From the entries below, output the line with "criss-cross legs |" and each following line up to and including the line with "Tragedy has a", exactly as written.

(Records from a data source)
##########
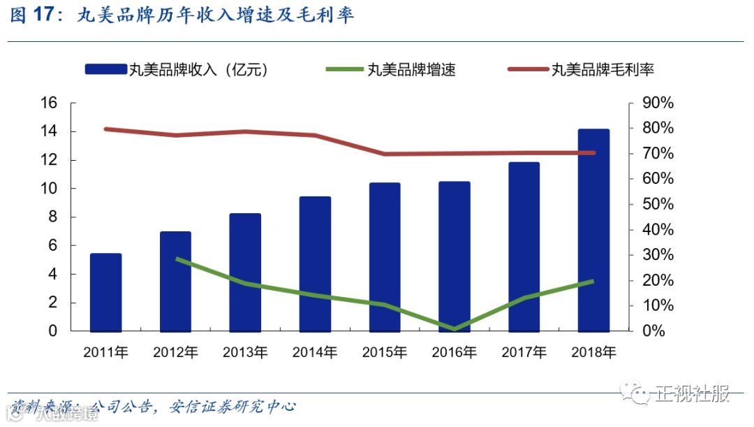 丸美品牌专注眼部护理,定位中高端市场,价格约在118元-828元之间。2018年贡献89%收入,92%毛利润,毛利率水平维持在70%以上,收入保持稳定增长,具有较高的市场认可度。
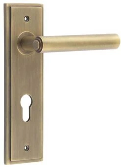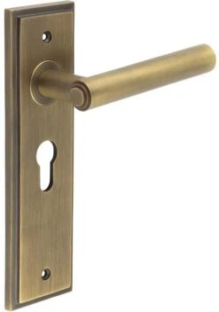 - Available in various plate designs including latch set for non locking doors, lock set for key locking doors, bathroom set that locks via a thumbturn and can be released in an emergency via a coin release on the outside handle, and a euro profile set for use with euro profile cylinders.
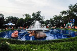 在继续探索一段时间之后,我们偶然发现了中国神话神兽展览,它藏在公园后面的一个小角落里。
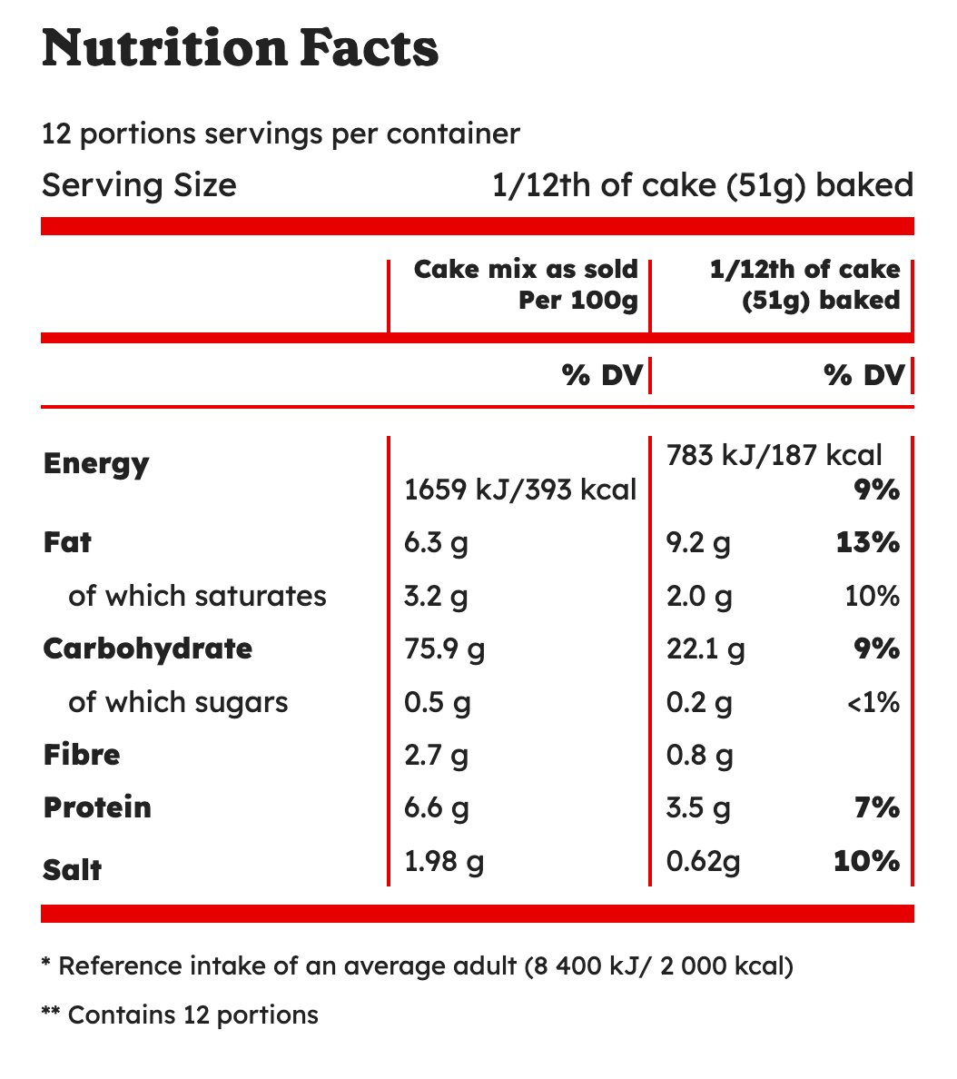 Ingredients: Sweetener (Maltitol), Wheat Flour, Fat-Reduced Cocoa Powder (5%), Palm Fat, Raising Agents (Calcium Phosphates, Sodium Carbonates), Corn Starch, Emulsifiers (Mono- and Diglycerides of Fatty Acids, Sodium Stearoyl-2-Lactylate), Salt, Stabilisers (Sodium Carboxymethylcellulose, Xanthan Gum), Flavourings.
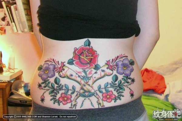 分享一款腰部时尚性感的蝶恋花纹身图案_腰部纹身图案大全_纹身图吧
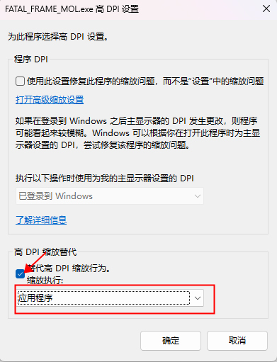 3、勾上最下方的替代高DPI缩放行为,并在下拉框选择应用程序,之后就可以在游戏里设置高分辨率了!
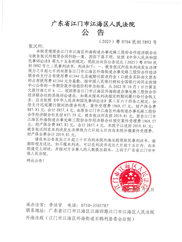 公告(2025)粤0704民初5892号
##########
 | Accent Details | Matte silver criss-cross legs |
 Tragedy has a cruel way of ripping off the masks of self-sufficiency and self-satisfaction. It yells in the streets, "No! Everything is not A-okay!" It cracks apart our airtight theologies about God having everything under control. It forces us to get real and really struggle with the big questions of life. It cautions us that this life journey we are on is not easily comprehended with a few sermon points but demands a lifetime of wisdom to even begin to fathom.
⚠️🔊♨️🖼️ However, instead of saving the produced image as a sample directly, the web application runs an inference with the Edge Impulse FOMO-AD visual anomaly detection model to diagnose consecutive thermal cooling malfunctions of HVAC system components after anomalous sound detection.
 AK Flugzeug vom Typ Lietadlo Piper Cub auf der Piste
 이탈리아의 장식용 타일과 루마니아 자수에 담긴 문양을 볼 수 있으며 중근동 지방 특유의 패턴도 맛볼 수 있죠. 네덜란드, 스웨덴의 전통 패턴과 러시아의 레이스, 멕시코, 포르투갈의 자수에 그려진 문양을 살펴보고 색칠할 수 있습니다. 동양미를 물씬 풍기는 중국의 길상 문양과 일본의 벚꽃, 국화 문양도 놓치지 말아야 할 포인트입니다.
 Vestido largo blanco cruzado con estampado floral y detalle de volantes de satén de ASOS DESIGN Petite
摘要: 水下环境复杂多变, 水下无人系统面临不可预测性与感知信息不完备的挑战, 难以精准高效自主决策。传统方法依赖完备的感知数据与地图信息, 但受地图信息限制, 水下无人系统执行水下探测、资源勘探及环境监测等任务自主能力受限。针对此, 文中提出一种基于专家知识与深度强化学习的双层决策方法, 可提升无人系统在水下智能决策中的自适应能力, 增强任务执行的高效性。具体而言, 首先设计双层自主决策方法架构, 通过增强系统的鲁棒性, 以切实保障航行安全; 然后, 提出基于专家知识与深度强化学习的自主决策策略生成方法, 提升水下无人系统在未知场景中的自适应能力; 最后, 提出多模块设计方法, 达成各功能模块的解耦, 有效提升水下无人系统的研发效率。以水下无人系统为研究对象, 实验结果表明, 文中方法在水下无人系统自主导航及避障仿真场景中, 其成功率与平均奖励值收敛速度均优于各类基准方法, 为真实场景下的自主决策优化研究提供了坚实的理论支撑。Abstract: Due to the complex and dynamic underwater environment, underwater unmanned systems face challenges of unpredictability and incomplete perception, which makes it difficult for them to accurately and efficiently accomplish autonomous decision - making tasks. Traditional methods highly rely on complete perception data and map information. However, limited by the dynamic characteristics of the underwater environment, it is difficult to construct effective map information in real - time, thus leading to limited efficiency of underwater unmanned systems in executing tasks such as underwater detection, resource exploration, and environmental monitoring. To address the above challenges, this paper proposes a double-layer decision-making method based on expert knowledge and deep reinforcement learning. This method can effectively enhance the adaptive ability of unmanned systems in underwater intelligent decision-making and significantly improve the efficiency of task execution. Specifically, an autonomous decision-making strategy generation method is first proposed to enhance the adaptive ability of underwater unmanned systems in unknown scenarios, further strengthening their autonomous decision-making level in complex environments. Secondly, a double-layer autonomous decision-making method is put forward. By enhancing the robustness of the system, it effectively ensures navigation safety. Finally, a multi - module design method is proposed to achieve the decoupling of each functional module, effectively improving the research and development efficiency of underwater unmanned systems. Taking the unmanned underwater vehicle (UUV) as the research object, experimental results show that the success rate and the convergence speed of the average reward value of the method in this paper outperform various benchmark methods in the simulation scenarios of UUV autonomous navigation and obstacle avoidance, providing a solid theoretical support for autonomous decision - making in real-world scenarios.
##########
> **Written reply**:
 | Accent Details | Matte silver criss-cross legs |
 Tragedy has a cruel way of ripping off the masks of self-sufficiency and self-satisfaction. It yells in the streets, "No! Everything is not A-okay!" It cracks apart our airtight theologies about God having everything under control. It forces us to get real and really struggle with the big questions of life. It cautions us that this life journey we are on is not easily comprehended with a few sermon points but demands a lifetime of wisdom to even begin to fathom.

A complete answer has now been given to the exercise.